Proof sketch of claim: Use PSDness of \(\lambda_2 I - \sum_{1< j \leq n} \lambda_j(A_G) w_j w_j^\top\) together with \(\vdash_4 \|v(y,y')\|^2 \leq n\).
Now let’s put things together to prove Theorem 2.

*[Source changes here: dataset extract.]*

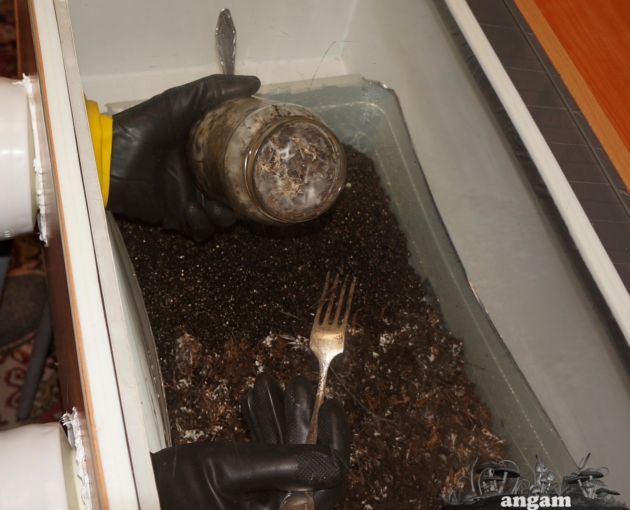 Мою с доместосом парник и контейнер.В глоубоксе готовлю кейк и помещаю на обрастание в инкубатор.

Proof sketch of Theorem 2: Let \(\tilde{\mathbb E}\) be a degree-\(d\) pseudoexpectation. Following the proof of Theorem 1’, we can assume there is a conditioning \(\tilde{\mathbb E}'\) of \(\tilde{\mathbb E}\), with local distributions \(\mu'\), such that:
The first point implies that \(\mathbb E_{i,j \in [n]} Cov_{ij}^2 \leq d^{-\Omega(1)}\), so by the local-to-global lemma, \(\mathbb E_{i \sim j} Cov_{ij}^2 \leq d^{-\Omega(1)} + O(\lambda_2)\).
Exercise: show that \(|\mu'_{ij} - \mu'_i \otimes \mu'_j|_{TV} \leq |Cov_{ij}|^{\Omega(1)}\).
Given this exercise, independent rounding produces a cut \(y\) such that \(\mathbb EG(y) \geq (1-poly(1/d,\lambda_2)) \tilde{\mathbb E}G(x)\), which is what we wanted to show.